Ein weiterer Aspekt zu den Währungsreserven: Andere Probleme könnten sich aus der Notwendigkeit ergeben, die Reserven Gewinn bringend anzulegen. Aufgrund von Rentabilitätserfordernissen wird die Schweizerische Nationalbank auch Engagements in Aktien tätigen. Hat sie viele Reserven, die sie aktiv bewirtschaften muss, droht eine Beeinflussung der Geldpolitik in Richtung einer möglichst rentablen Entwicklung ihrer Finanzanlagen. Dies kann jedoch dem wirtschaftlichen Gesamtinteresse zuwiderlaufen. Auch deshalb ist bei der Bildung von Reserven Zurückhaltung angezeigt.

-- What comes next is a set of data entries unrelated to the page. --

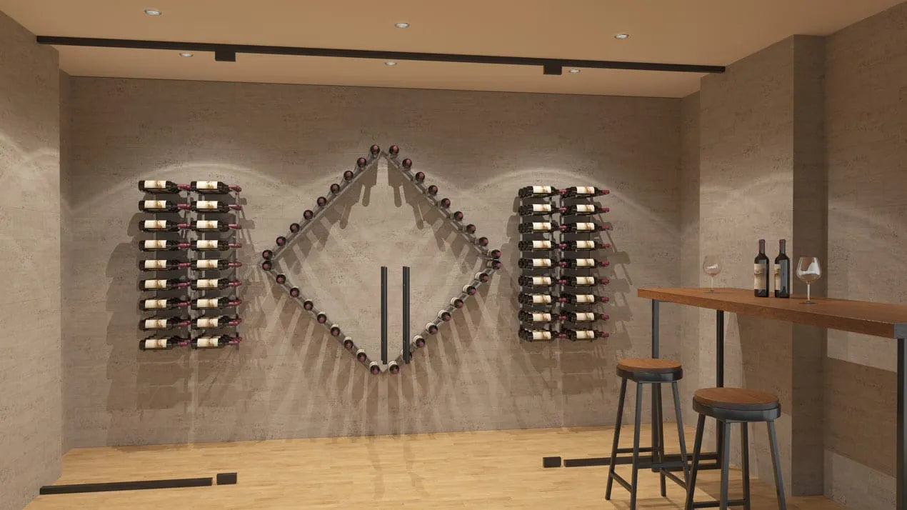Vino Rails Flex 45 Wall Mounted Metal Wine Rack System
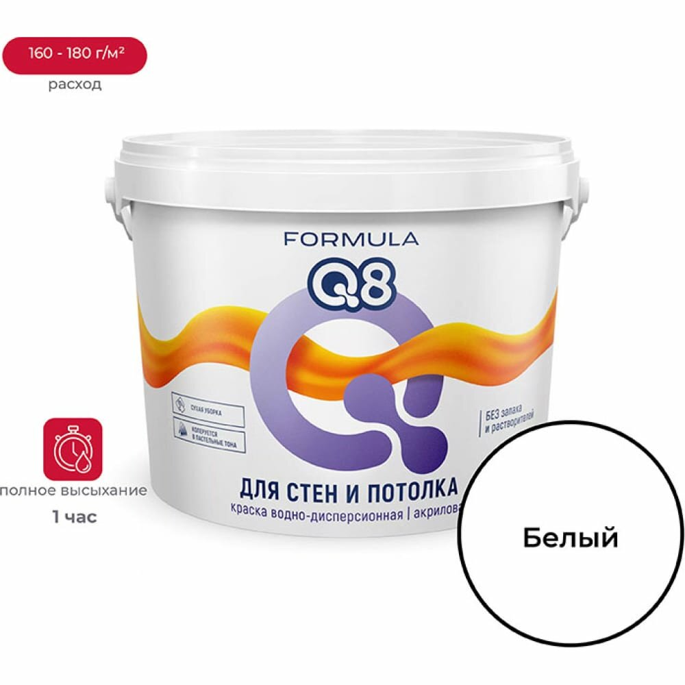 Краска для стен и потолка водно-дисперсионная Formula Q8, матовая, белая, 5 кг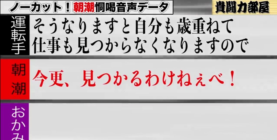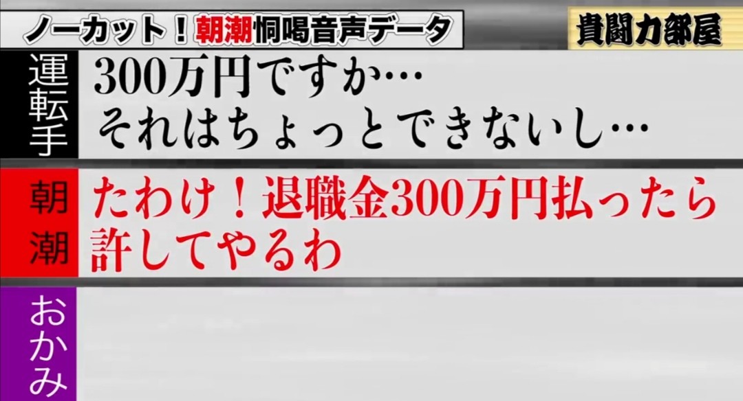 【悲報】相撲界にまたスキャンダルw「運転手を辞めたいだって…?辞めるなら退職金300万払え!!」ヤクザ音声が流出wwwwwwww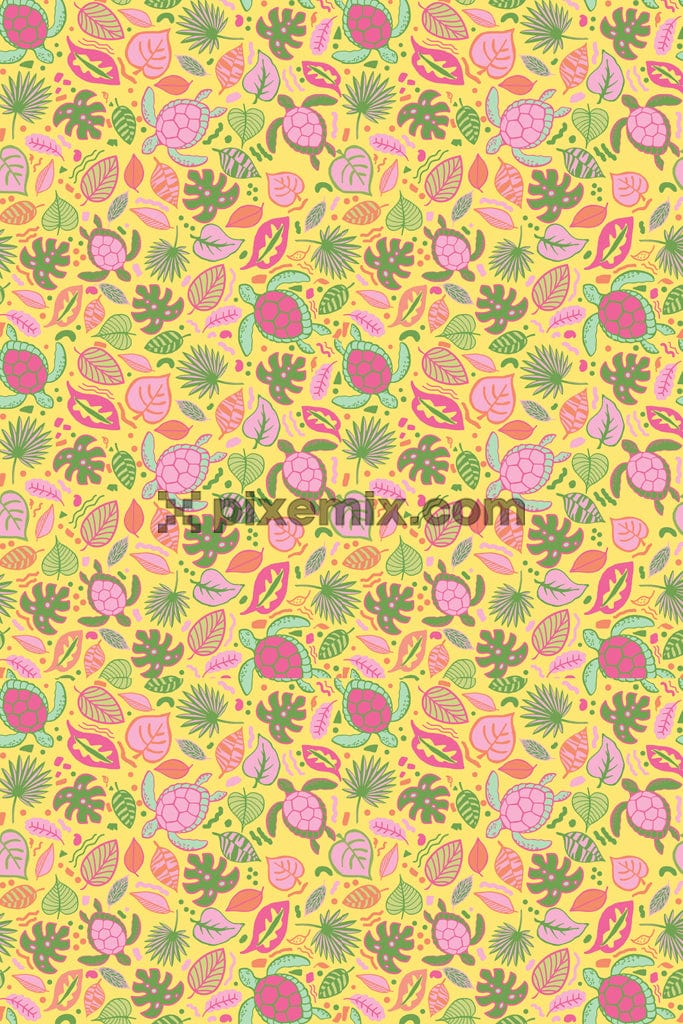 Vektorblätter und Schildkrötenproduktgrafik mit nahtlosem Wiederholungsmuster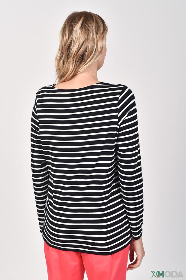 Этот стильный лонгслив от Bianca станет отличным дополнением к вашему гардеробу. Модель выполнена в классическую чёрно-белую полоску, что делает её универсальной и легко сочетаемой с другими вещами.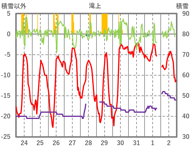 | 日 | 時 | 気温 | 降水 | 風向/風速 | 日照 | 積雪 | 降雪 |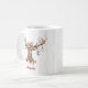 Cute Christmas Reindeer Ornaments | Rustic Wood Coffee Mug featuring a cute festive holiday deer festooned with woodsy ornaments, against a rustic white wood background. Easy to personalise; makes a great gift for a friend, family member, or just for yourself!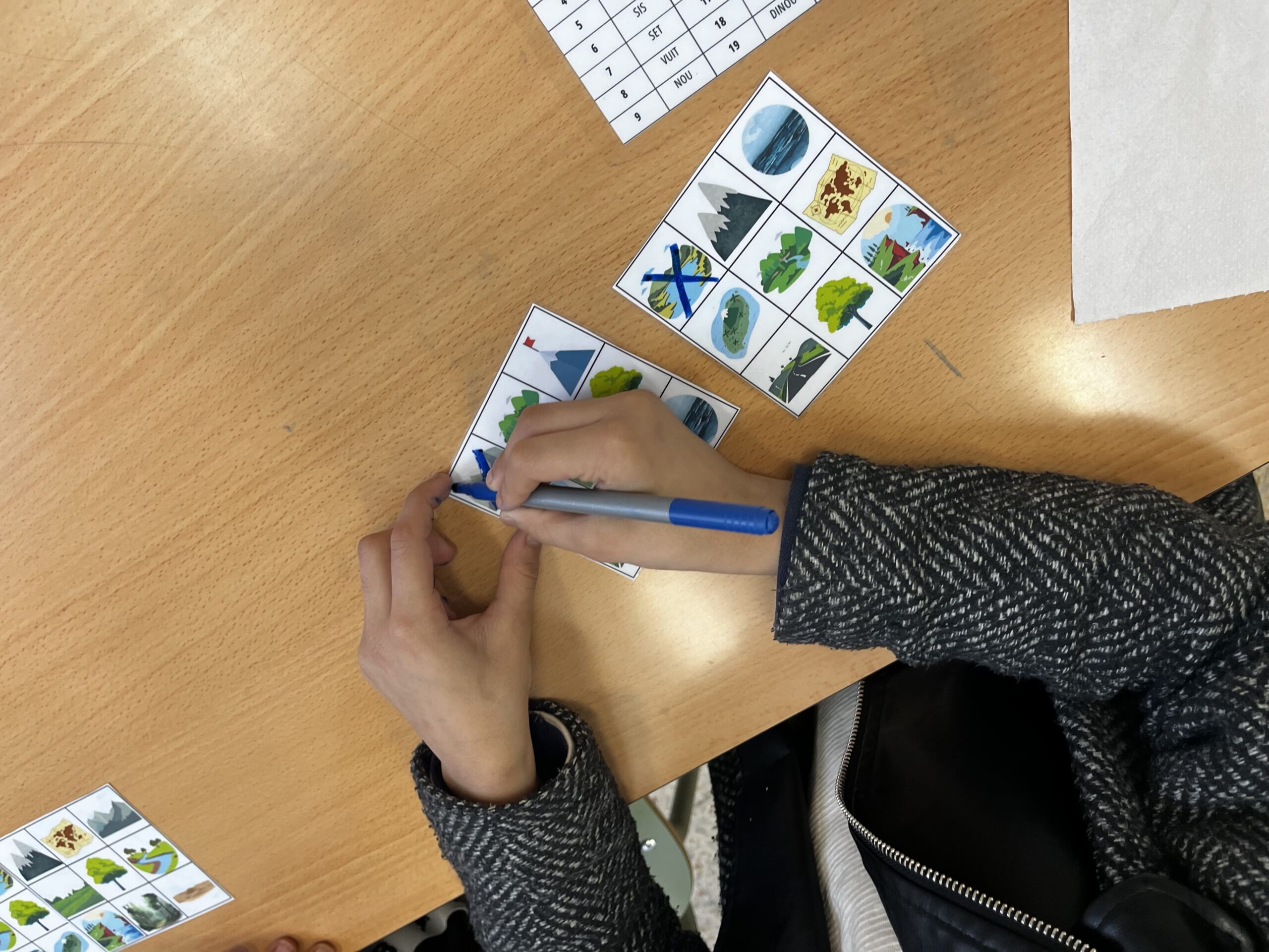 A més, gràcies a diferents jocs, hem anat adquirint vocabulari en relació amb el paisatge i el relleu de la natura. Per exemple, hem jugat a un bingo que ens ha servit per recordar com es diu cada element en català, com ara: la muntanya, el mar, la platja, el llac, el riu, etc.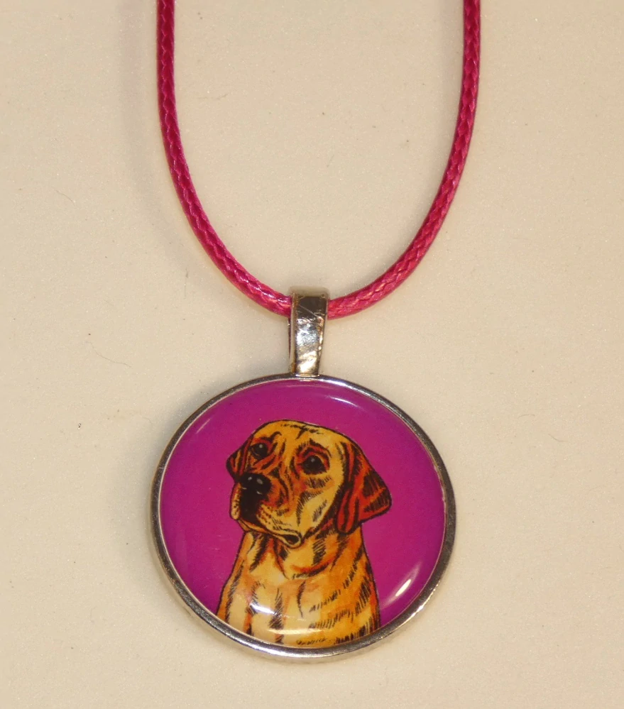 Barevná perokresba labradorského retrívra je na bižuterním lůžku chráněna 3D epoxy pryskyřicí, která je nerozbitná a lehce pruží.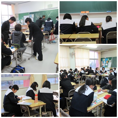 授業後、期末テストに向けて学習会をしています。質問なども積極的に行っていました。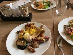 多国籍料理でしたが、何よりサラダの種類が多い。何品目食べらるのってくらい野菜や豆の食材が多く、女子受け良いです。ラズベリーソースは目にも鮮やかで美味しかったです。

Die Art und Weise, wie die Schweizerische Nationalbank ihre Reserven hält, ist verteilungsrelevant. Bildet sie Währungsreserven aus Rückstellungen, so beeinflusst dies die Höhe des Bilanzgewinns, der an Bund und Kantone ausgeschüttet werden muss. Schüttet die Schweizerische Nationalbank weniger Reserven aus, schwindet diese Einnahmenquelle von Bund und Kantonen.
Wir finden es wichtig, dass die Leistungen der Schweizerischen Nationalbank in ihrer Eigenschaft als "lender of last resort" und damit einer Versicherung für die anderen Banken hier auch abgegolten werden müssen. Die Leistungen der Schweizerischen Nationalbank kosten die Finanzinstitute jedoch nicht mehr als die übrigen Steuerzahlerinnen und Steuerzahler. Damit wird aus unserer Sicht gegen das Verursacherprinzip verstossen.

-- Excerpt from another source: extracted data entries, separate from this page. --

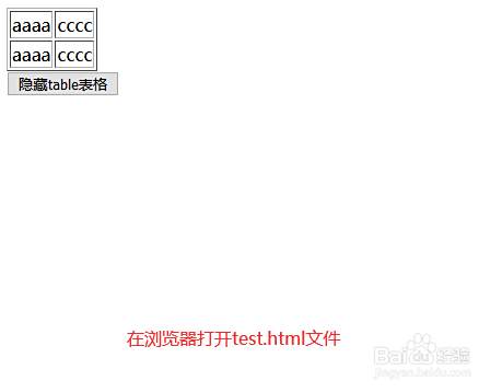 在test.html文件内,创建一个button按钮,给button绑定onclick点击事件,当按钮被点击时,执行hidetable()函数。
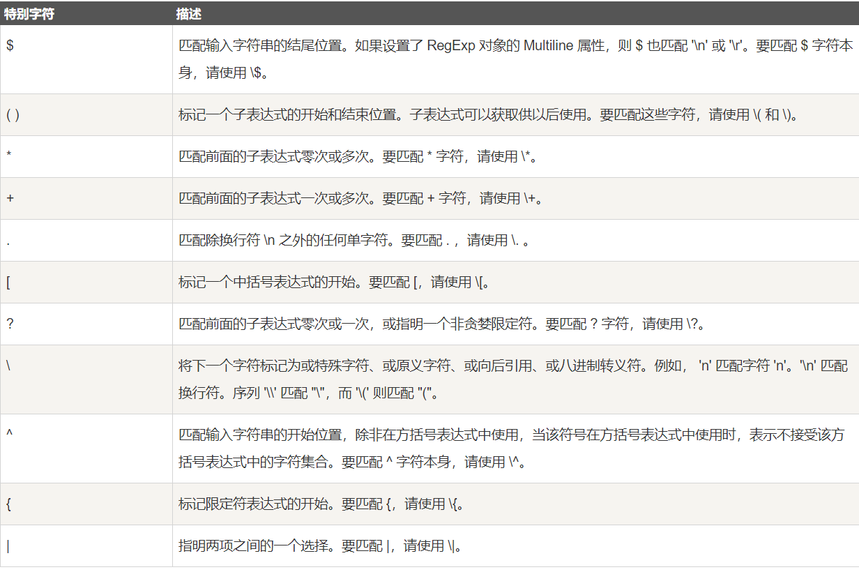 (非打印字符也可以是正则表达式的组成部分,如 \n 等)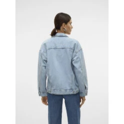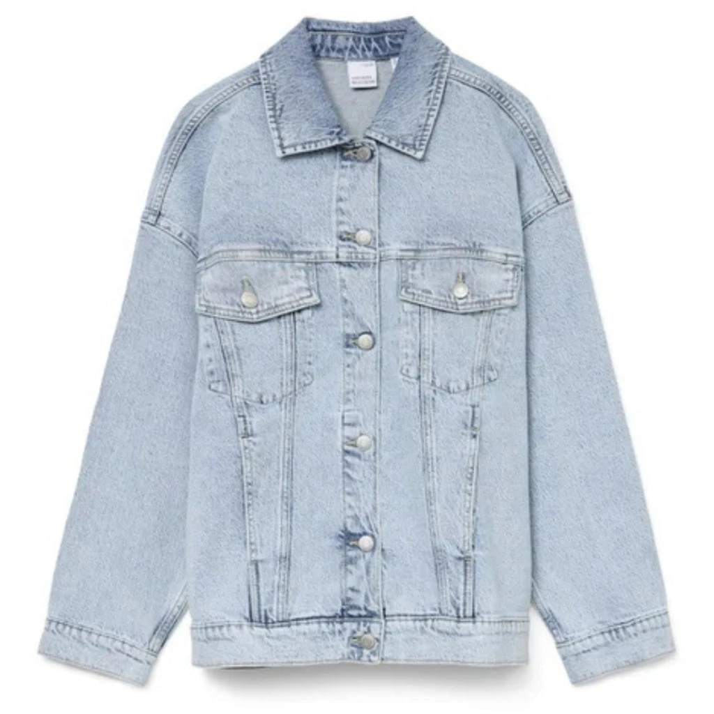 Cool denimjakke i den sejeste vask med krave, brystlommer og knapper langs fronten. Brug den som jakke her til foråret og sommeren, og tilføj jeans eller en nederdel.

Neben der unter dem Gesichtspunkt der Steuergerechtigkeit problematischen Finanzierung der "Versicherungsprämien" des Finanzplatzes durch die öffentliche Hand werden dadurch auch falsche Preissignale gesetzt. Wir könnten auch sagen, auf diese Art und Weise werde der Finanzsektor subventioniert. Wir meinen, dieser Verzerrung der relativen Preise könne durch die Einführung von Mindestreserven entgegengewirkt werden, indem die Finanzinstitute unverzinsliche Reserven bei der Schweizerischen Nationalbank halten müssten. Mit diesem Beschluss würden Sie den Leistungen der Schweizerischen Nationalbank und dem gesamten Finanzplatz Rechnung tragen.
Ich bitte Sie, auf die Vorlage einzutreten und mitzuhelfen, diese drei Anliegen in unserem Sinne aufzunehmen.